The return value is a tuple containing the base URL and the fragment.

.. {{{cog
.. cog.out(run_script(cog.inFile, 'urlparse_urldefrag.py'))
.. }}}

::

	$ python urlparse_urldefrag.py
	
	http://netloc/path;parameters?query=argument#fragment
	http://netloc/path;parameters?query=argument
	fragment

.. {{{end}}}

Unparsing
=========

There are several ways to assemble a split URL back together into a
single string.

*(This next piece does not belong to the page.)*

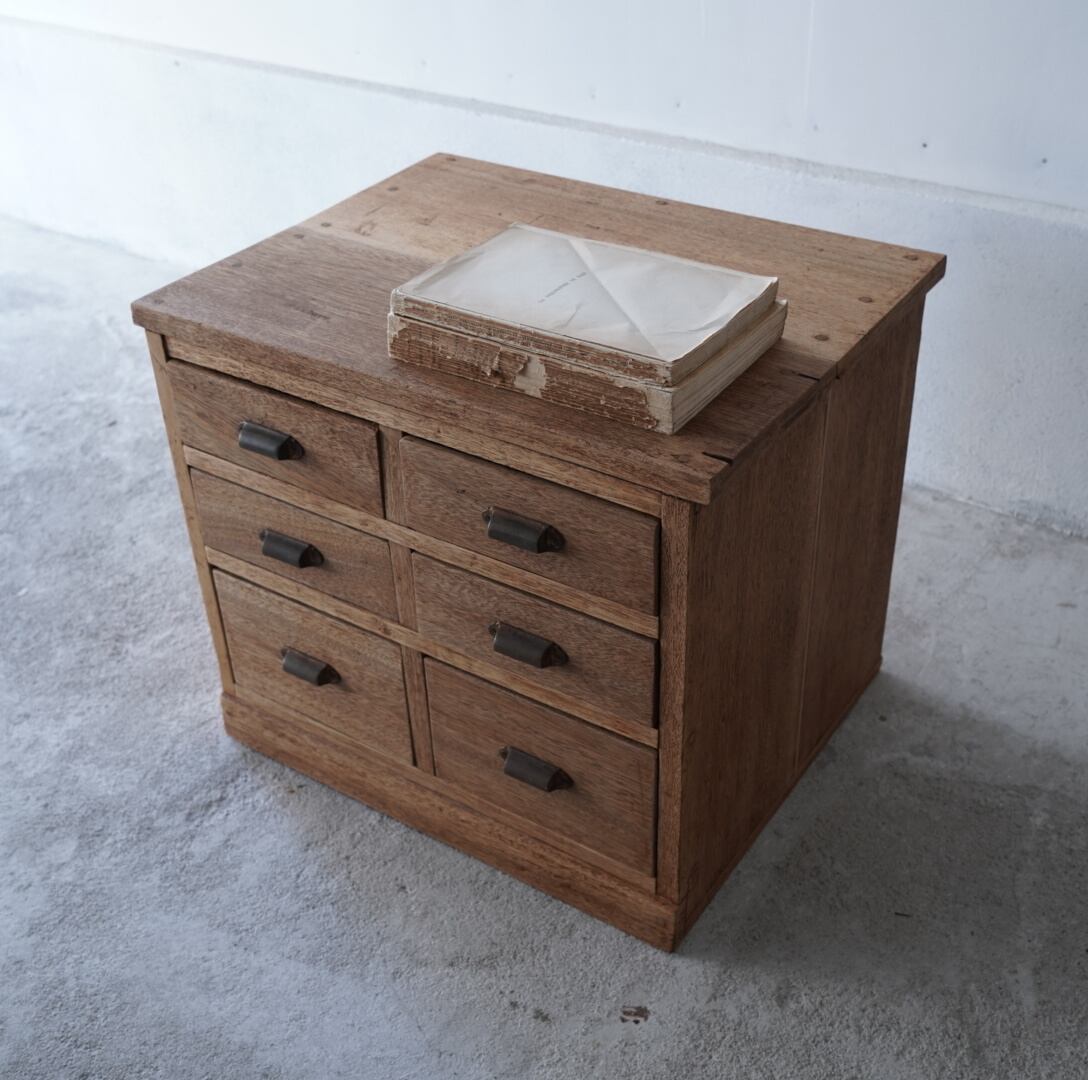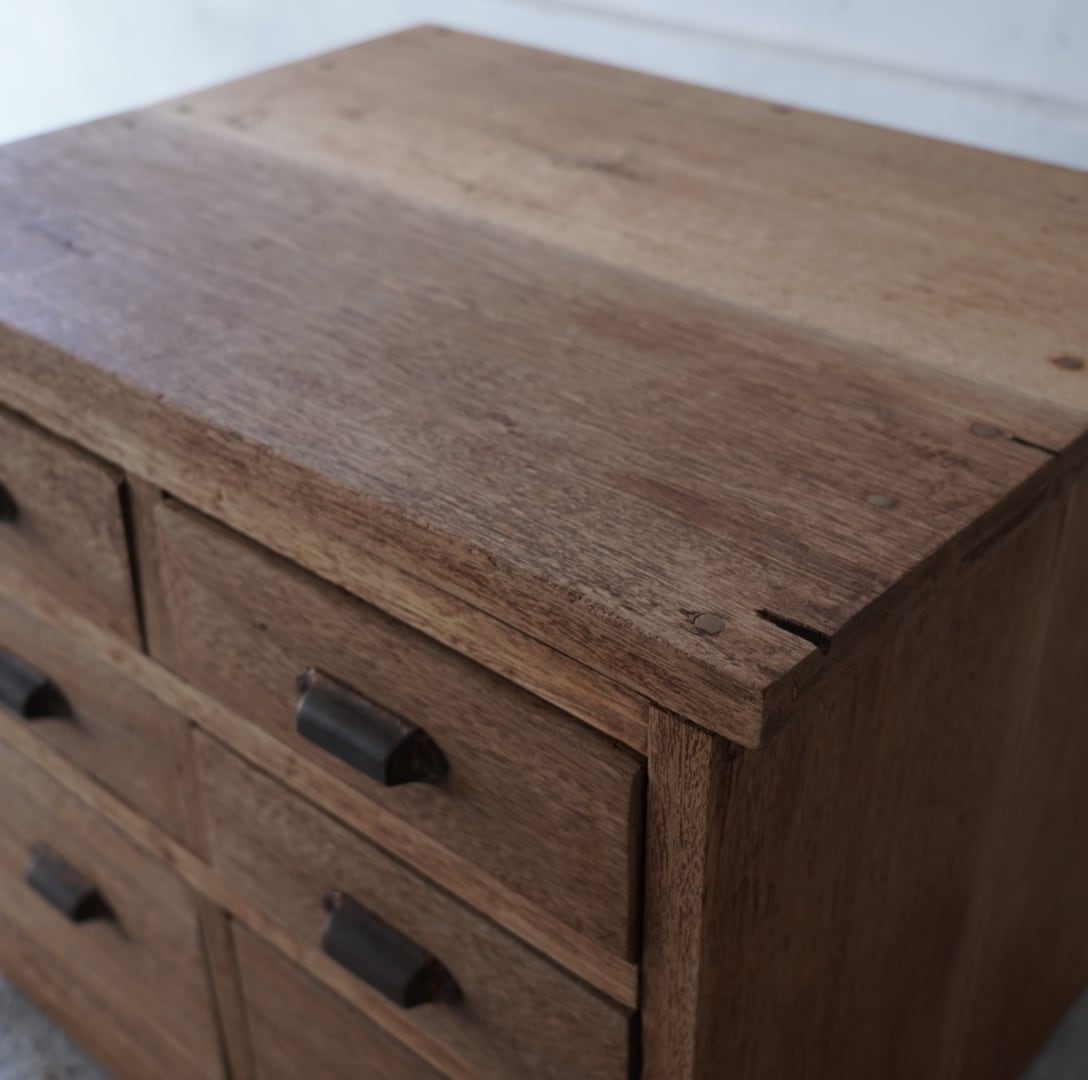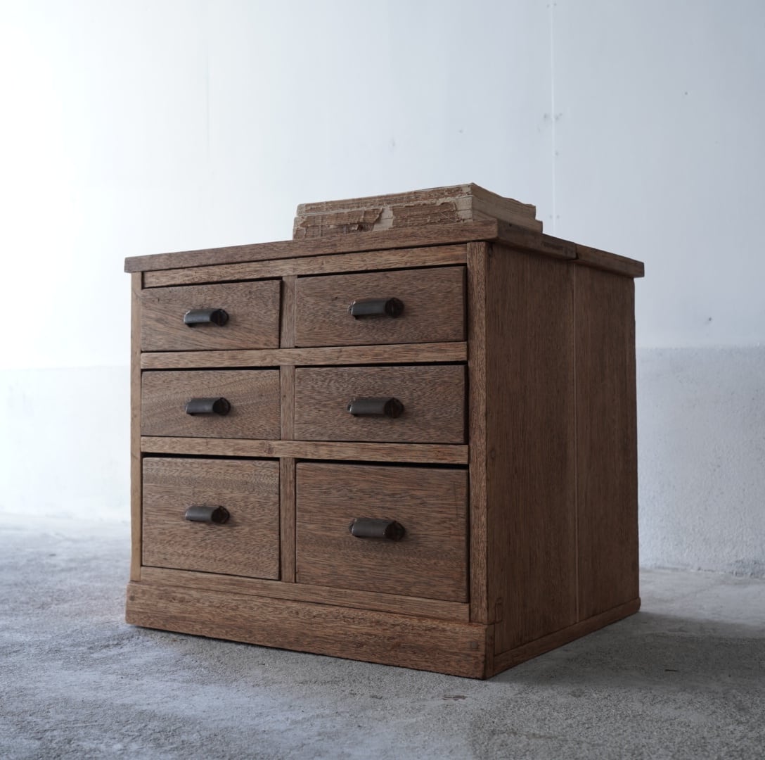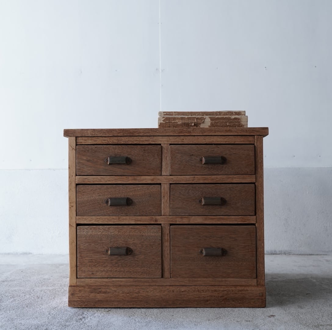 無垢材の温かみのある木味と並んだ真鍮取手が美しい6杯の引き出し。

The parsed URL object has a :func:`geturl()` method.

.. include:: urlparse_geturl.py
    :literal:
    :start-after: #end_pymotw_header

:func:`geturl()` only works on the object returned by
:func:`urlparse()` or :func:`urlsplit()`.

.. {{{cog
.. cog.out(run_script(cog.inFile, 'urlparse_geturl.py'))
.. }}}

::

	$ python urlparse_geturl.py
	
	ORIG  : http://netloc/path;parameters?query=argument#fragment
	PARSED: http://netloc/path;parameters?query=argument#fragment

.. {{{end}}}

If you have a regular tuple of values, you can use
:func:`urlunparse()` to combine them into a URL.

.. include:: urlparse_urlunparse.py
    :literal:
    :start-after: #end_pymotw_header

While the :class:`ParseResult` returned by :func:`urlparse()` can be
used as a tuple, in this example I explicitly create a new tuple to
show that :func:`urlunparse()` works with normal tuples, too.

.. {{{cog
.. cog.out(run_script(cog.inFile, 'urlparse_urlunparse.py'))
.. }}}

::

	$ python urlparse_urlunparse.py
	
	ORIG  : http://netloc/path;parameters?query=argument#fragment
	PARSED: <class 'urlparse.ParseResult'> ParseResult(scheme='http', netloc='netloc', path='/path', params='parameters', query='query=argument', fragment='fragment')
	TUPLE : <type 'tuple'> ('http', 'netloc', '/path', 'parameters', 'query=argument', 'fragment')
	NEW   : http://netloc/path;parameters?query=argument#fragment

.. {{{end}}}

If the input URL included superfluous parts, those may be dropped from the
unparsed version of the URL.

.. include:: urlparse_urlunparseextra.py
    :literal:
    :start-after: #end_pymotw_header

In this case, the *parameters*, *query*, and *fragment* are all
missing in the original URL. The new URL does not look the same as the
original, but is equivalent according to the standard.

.. {{{cog
.. cog.out(run_script(cog.inFile, 'urlparse_urlunparseextra.py'))
.. }}}

::

	$ python urlparse_urlunparseextra.py
	
	ORIG  : http://netloc/path;?#
	PARSED: <class 'urlparse.ParseResult'> ParseResult(scheme='http', netloc='netloc', path='/path', params='', query='', fragment='')
	TUPLE : <type 'tuple'> ('http', 'netloc', '/path', '', '', '')
	NEW   : http://netloc/path

.. {{{end}}}

Joining
=======

In addition to parsing URLs, :mod:`urlparse` includes
:func:`urljoin()` for constructing absolute URLs from relative
fragments.

.. include:: urlparse_urljoin.py
    :literal:
    :start-after: #end_pymotw_header

In the example, the relative portion of the path (``"../"``) is taken
into account when the second URL is computed.

.. {{{cog
.. cog.out(run_script(cog.inFile, 'urlparse_urljoin.py'))
.. }}}

::

	$ python urlparse_urljoin.py
	
	http://www.example.com/path/anotherfile.html
	http://www.example.com/anotherfile.html

.. {{{end}}}

.. seealso::

    `urlparse <https://docs.python.org/2/library/urlparse.html>`_
        Standard library documentation for this module.

    :mod:`urllib`
        Retrieve the contents of a resource identified by a URL.

    :mod:`urllib2`
        Alternative API for accessing remote URLs.